THE SECURITIES ACT OF 1933

MIDAS, INC.

(Exact name of registrant as specified in its charter)

Delaware

(State or other jurisdiction of incorporation or organization)

36-4180556

(I.R.S. Employer Identification No.)

1300 Arlington Heights Road,

Itasca, Illinois 60143

(630) 438-3000

(Address, including zip code, and telephone number, including area code, of registrant’s principal executive offices)

MIDAS, INC. ADDITIONAL OPTION GRANTS

(Full Title of Plan)

Brian Maciak

SVP & General Counsel

Midas, Inc.

c/o TBC Corporation

4300 TBC Way

Palm Beach Gardens, FL 33410

(561) 383-3000

(Name, address, including zip code, and telephone number, including area code, of agent for service)

Copies to:

Alan J. Neuwirth, Esq.

Bradley K. Edmister, Esq.

Morgan, Lewis & Bockius LLP

101 Park Avenue

New York, NY 10178-0060

(212) 309-6110

Indicate by check mark whether the registrant is a large accelerated filer, an accelerated filer, a non-accelerated filer, or a smaller reporting company.

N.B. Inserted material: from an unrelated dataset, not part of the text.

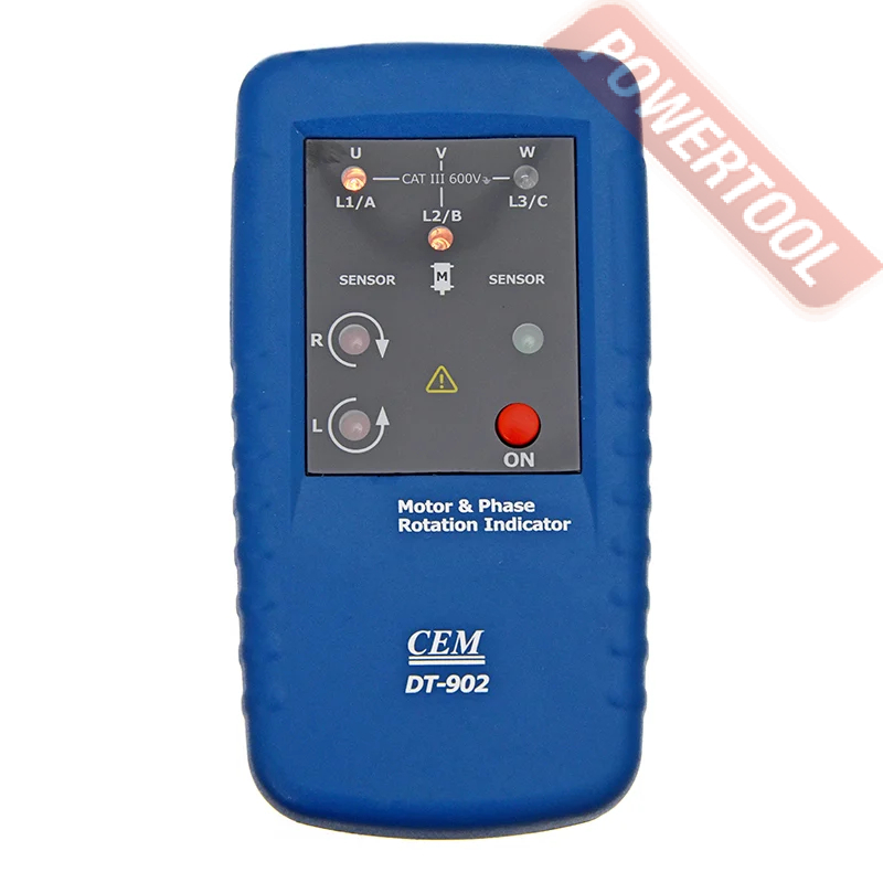 Для отображения результатов измерения указатель CEM DT-902 оснащен светодиодными индикаторами, размещенными на передней панели прибора: три из них указывают на наличие напряжения на соответствующей обмотке, два других определяют направление вращения двигателей (R или L). Номинальное напряжение работы прибора — от 120 В до 400 В. При этом указатель подаёт на фазу испытательный ток менее 3.5 мА. Питание прибора осуществляется от батарейки типа Крона.

See the definitions of “large accelerated filer,” “accelerated filer” and “smaller reporting company” in Rule 12b-2 of the Exchange Act.

 

Large accelerated filer   ¨    Accelerated filer   x
Non-accelerated filer   ¨   (Do not check if a smaller reporting company)    Smaller reporting company   ¨

 

 

 


DEREGISTRATION OF SECURITIES

This Post-Effective Amendment No. 1 (the “Post-Effective Amendment”) relates to the Registration Statement on Form S-8 (Registration No. 333-74094) of Midas, Inc., a Delaware corporation (the “Company”), filed with the Securities and Exchange Commission on November 28, 2001 (the “Registration Statement”), which registered the offering of 1,000,000 shares of common stock, $0.001 par value per share (together with the associated preferred stock purchase rights, the “Common Stock”), reserved for issuance under the Non Qualified Stock Option Agreements.

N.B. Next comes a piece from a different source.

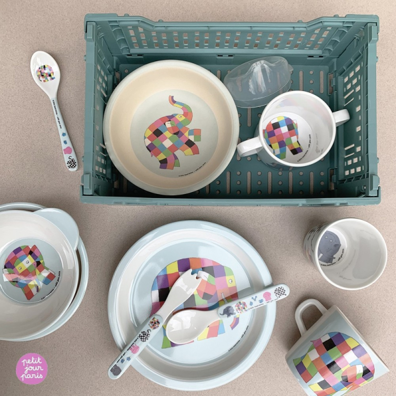 Een prachtig en praktisch 5-delig servies in Elmer-thema, perfect voor de eerste maaltijden van je kindje! Dankzij de ergonomische randen leert je kind zelfstandig eten op een speelse en veilige manier.

On March 12, 2012, the Company entered into an Agreement and Plan of Merger (the “Merger Agreement”) with TBC Corporation., a Delaware corporation (“Parent”), and Gearshift Merger Corp., a Delaware corporation and a wholly-owned subsidiary of Parent (“Purchaser”). On April 30, 2012, pursuant to the Merger Agreement, Purchaser was merged with and into the Company (the “Merger”), with the Company surviving the Merger as a direct, wholly-owned subsidiary of Parent. At the time the Merger became effective, each share of Common Stock of the Company issued and outstanding immediately prior to the effective time of the Merger (other than shares owned by Parent, Purchaser, the Company or any of their respective direct or indirect wholly-owned subsidiaries, and shares held by stockholders who are entitled to and properly demand appraisal rights under Delaware law) was automatically converted into the right to receive an amount in cash, without interest thereon and less any applicable withholding taxes, equal to $11.50 per share.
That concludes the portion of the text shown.